MiddleAgedMum45622 · 08/06/2026 19:03

Anyone else find themselves just doing too much and then resenting it? I'm a first time mum to a 2 year old, I work full time. I'm by far the higher earner, I work long hours (solicitor) and also have some long term health problems. I find myself carrying the "mental load", fine. I can handle most things. But I sort of find myself doing too much and then massively spiraling and resenting DH. Like, I'll make dinner, and also do the dishes, then notice some mouldy stuff in the fridge, then I remember I need to sort something out for DS, and since I'm doing that, I might as well reply to the nursery email about whatever. You get the gist. By the time I sit down, I'm a wreck.

I partly do this because I know that if I don't, I will likely suffer the consequences (upset DS, missed appointments etc).

But my mum was the same. Growing up was genuinely awful. All I remember from my childhood is ANGER. She was so fucking angry, the moment she stepped in the house, it was like a dark cloud setting over the home. She worked long hours, would get home at 8pm, and then start cleaning the bathroom, mopping, vacuuming, cooking, and she would just collapse from exhaustion. And she would invariably shout at me for something, you never knew what would set her off. She was honestly the definition of a martyr.

My DH is not nearly as useless as my dad but things are not 50/50. I'm not as bad as my mum and DH is a calming influence on me. Having a calm and patient mum for my DS is a priority but it's sort of ending up with me bottling everything up for the sake of peace but mentally, it's not great. And I do snap eventually.

Any advice? My upbringing really wasn't ideal, there was a lot of anger and bickering (my parents bicker 24/7 still and my friends and DH and ex boyfriends who have met them find them extremely difficult to be around, constant tension).

I did start therapy but it was not that helpful and it became just another massive task on my to do list. I have a lot of medical and physio appointments to juggle anyway (and will do for the rest of my life).

Any advice from more experienced mums? Sometimes the stuff I do is just minor stuff. Like, how do I let some things go?

OP posts:
MxCactus · 09/06/2026 03:43

MiddleAgedMum45622 · 08/06/2026 22:23

@MJagain yep, it absolutely does feel like he doesn't care. How much of it is that he doesn't care about a nice house and happy kid vs how much he doesn't care about me, I don't know. I certainly take it as a personal "fuck you". But he does have some very good qualities and I would find single parenthood logistically very difficult (I'm an immigrant, I have no family or long standing friends here). I also have a beautiful DS who deserves the best so I want to change what I can change.

I don't want to be my mother, I know that. And I actually REALLY feel for her. She did so much, it hurts me to talk badly of her, genuinely. And she was living in different times etc. I have more choices and resources to do things differently. I want to focus on what I can do for now.

I wish I had been a lesbian, I think that would be even better than marrying a rich man. God if I could have a woman to share parenting and house stuff 50/50, what a dream (lighthearted, I know they have their challenges!!).

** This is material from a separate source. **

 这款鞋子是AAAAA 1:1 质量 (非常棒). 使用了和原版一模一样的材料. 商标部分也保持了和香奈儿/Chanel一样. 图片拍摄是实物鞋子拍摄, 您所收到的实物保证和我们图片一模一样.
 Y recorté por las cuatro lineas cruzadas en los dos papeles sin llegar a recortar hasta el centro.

I'm a woman and I'm terrible at housework 😅 I also have severe PMS! So if you married a woman like me I'd probably be more work than your DP 😂

Incidentally my husband is great at housework and cooking.

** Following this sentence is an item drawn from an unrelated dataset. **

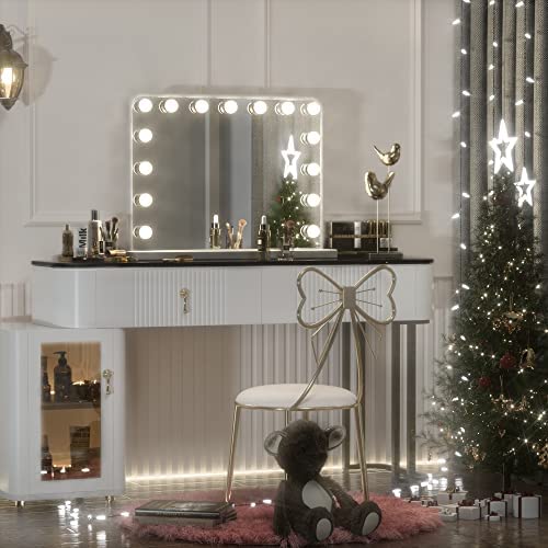 [Plug-in Replaceable Blubs] The hollywood vanity mirror bulbs are replaceable. If the bulb fails, you can simply replace it with 2 extra bonus bulbs. Our vanity mirror with lights has a longer lifespan than other non-replaceable lighted makeup mirrors.

OP your thread has struck a chord with me because my mum was exactly the same as yours! I didn't want to be raging like her, so dealt with it by being opposite to her with housework

ThestoriesIcouldtellyou · 09/06/2026 04:04

There will always be a long list of things to do in the house. I have this same problem. I have learnt that you have to consciously choose to ignore it, like men do all the fucking time. You have to say to yourself "DH will have to deal with it" and go take your kid to the park, take yourself shopping or for a coffee. Do something that you enjoy and take your child along. It doesn't have to be the park. When you get in the house, force yourself to just go straight for a shower, get into comfy clothes and sit down for FIVE minutes so you decompress. In other words, at the end of a work day, prioritise yourself...noone will die of starvation.

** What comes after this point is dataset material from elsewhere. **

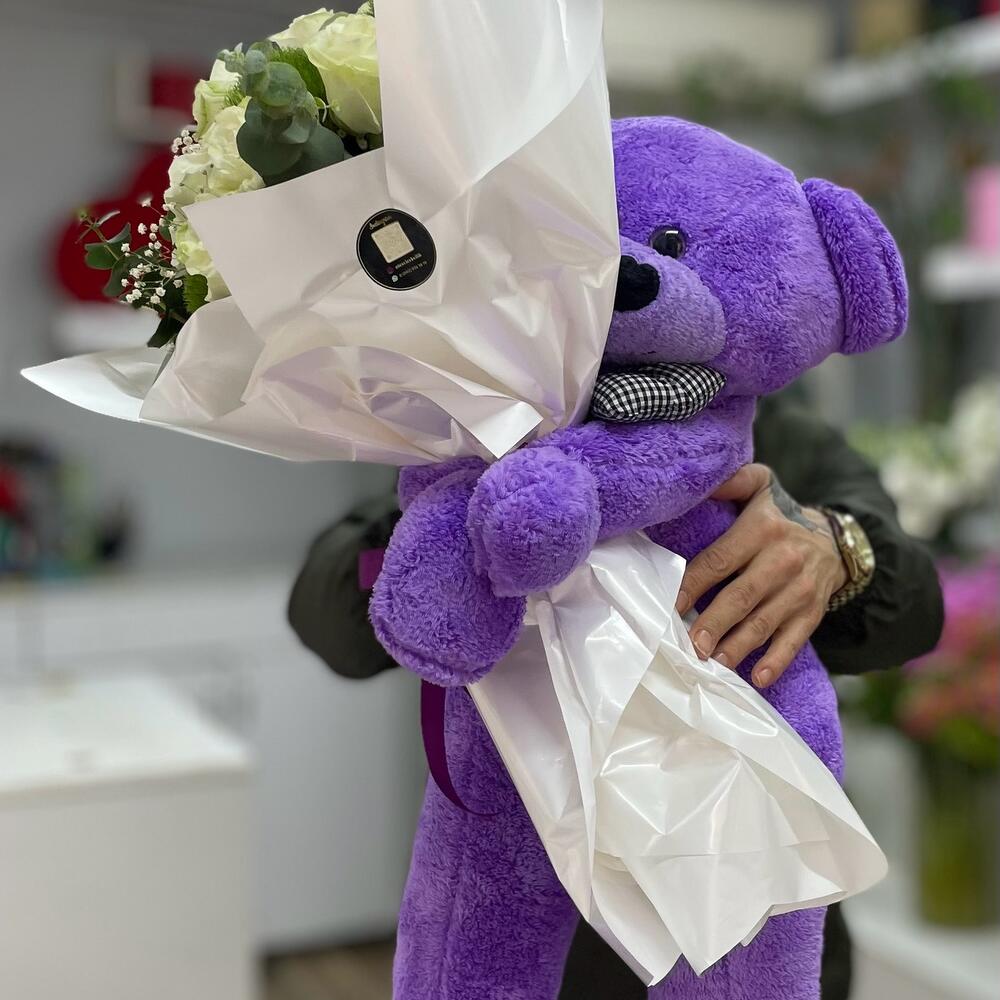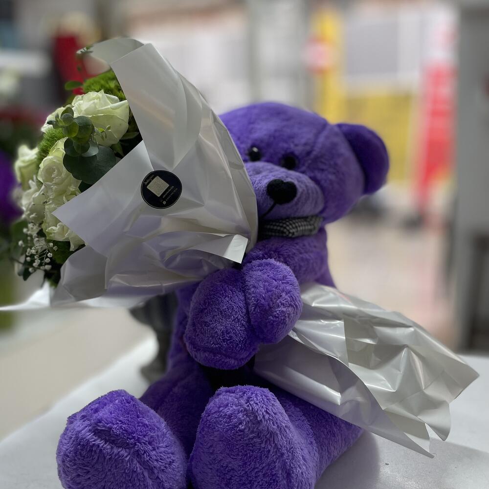 baby's breath flowers - 10 pcs eucalyptus - 15 pcs beyaz gül - 10 pcs 80 cm bear - 1 pcs

Wofflewaffle · 09/06/2026 04:47

What does your husband say about his failure to share the domestic load? When the laundry experiment failed, what did he say about it? Did he care that he failed? So you think he ever took it seriously?

i think you have a real DH problem. If he doesn’t share your standards of housekeeping, that’s one thing and you probably do need to find some middle ground between pristine and midden. But if it’s because he doesn’t care that you are collapsing under the weight of Doing It All, if it’s your well being that he doesn’t care about then that’s a real problem.

So what does he say when you talk about this?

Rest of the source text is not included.